Hearing your twists and tips is half the fun—and it helps others feel inspired too. Let’s bake, share, and make it delicious together.

Lemon Blueberry Focaccia Bread
- Total Time: 2 hours 45 minutes
- Yield: 10 to 12 servings
- Diet: Vegetarian
Description
This Lemon Blueberry Focaccia Bread is a beautifully golden, slightly sweet bread bursting with juicy blueberries and bright lemon flavor. It’s made with a classic olive oil-rich dough, topped with fresh fruit and a lemon glaze—perfect for brunch, snacking, or dessert.
Ingredients
3 ¾ cups bread flour
2 ¼ teaspoons instant yeast
1 ½ teaspoons salt
1 ¾ cups warm water
¼ cup olive oil (plus more for greasing and drizzling)
1 cup fresh blueberries
1 tablespoon lemon zest
5 to 6 thin lemon slices
1 cup powdered sugar
2 tablespoons fresh lemon juice
Instructions
1. In a large bowl, combine bread flour, yeast, and salt. Add warm water and 2 tablespoons olive oil. Stir until a shaggy dough forms.
2. Knead the dough for 8–10 minutes until smooth and elastic. Dough should be slightly sticky.
3. Transfer dough to a lightly oiled bowl. Cover and let rise for 1 to 1.5 hours, until doubled in size.
4. Grease a 9×13-inch baking dish with olive oil. Gently stretch the dough into the pan. Let rest if needed.
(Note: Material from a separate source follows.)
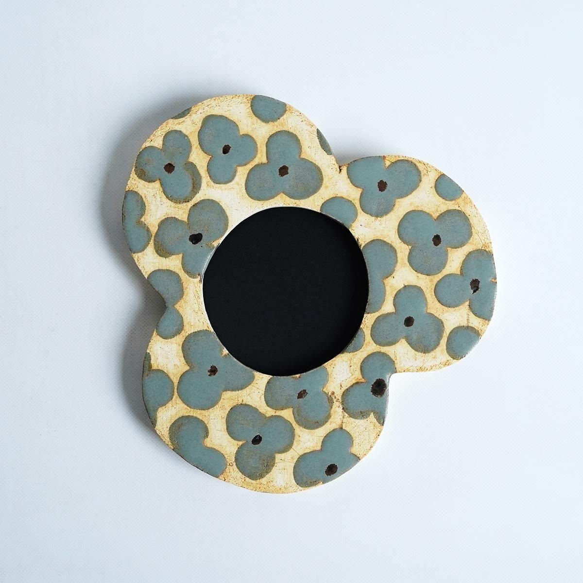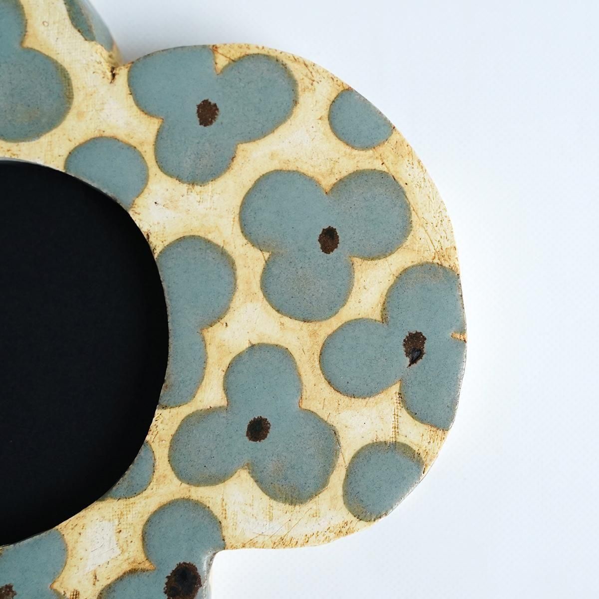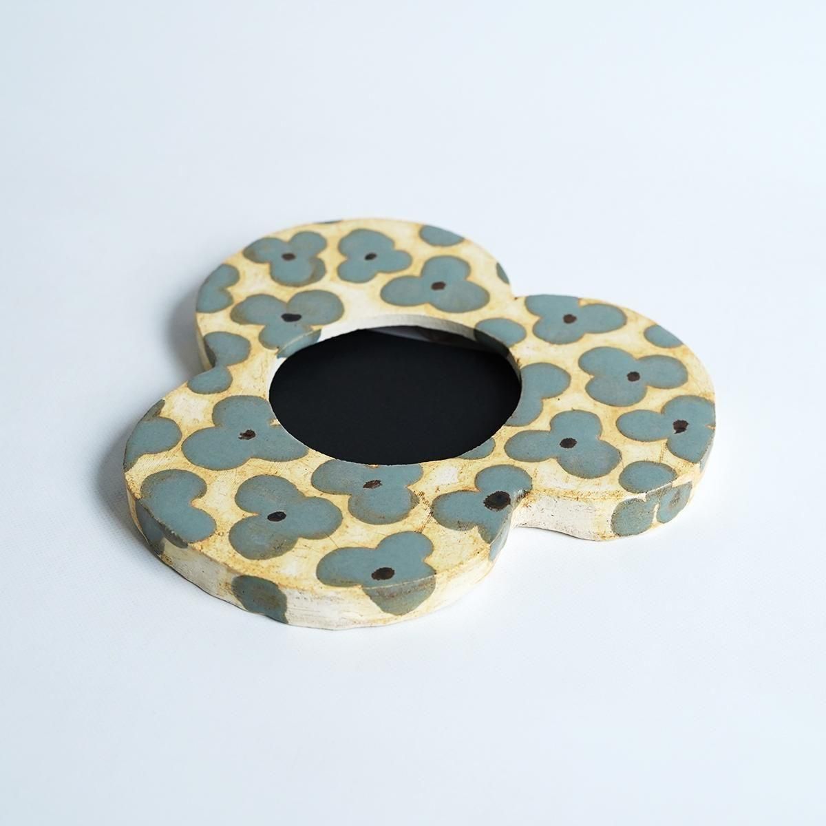 木版画や木彫、陶器を用いて愛らしく柔らかい世界観を表現される作家の菅祐子さん。 こちらは菅さんらしいユーモラスな視点と感性が詰まったフォトフレームとなります。ご自身の出産、子育てを経て家族写真が増えたことから、こんなフォトフレームだったら自分も部屋に飾りたいという思いで制作されました。 お気に入りの写真や絵、子供が描いた落書きなど色々飾ってお楽しみください。 三つ葉のようにも、花のようにも見える壁掛け作品。 優しい色とユニークな形で、お部屋の雰囲気を明るくしてくれそうです。 size : W約20cm×H約18cm×D約1.5cm 陶器 ※貫入やカケがある場合がございますが、作品の特徴となりますのでご了承下さいませ。 写真を出し入れする際は上から滑りこませるようにしてください。 紙を無理に手前に引っ張って出そうとするとツメ部分が取れてしまう恐れがありますのでご注意ください。

5. Dimple the dough with your fingertips. Press in blueberries and sprinkle lemon zest. Arrange lemon slices on top.
6. Let the dough rise again in the pan for 30 minutes. Preheat oven to 425°F (220°C).
7. Drizzle a bit more olive oil over the dough. Bake for 22–28 minutes until golden brown and bubbling.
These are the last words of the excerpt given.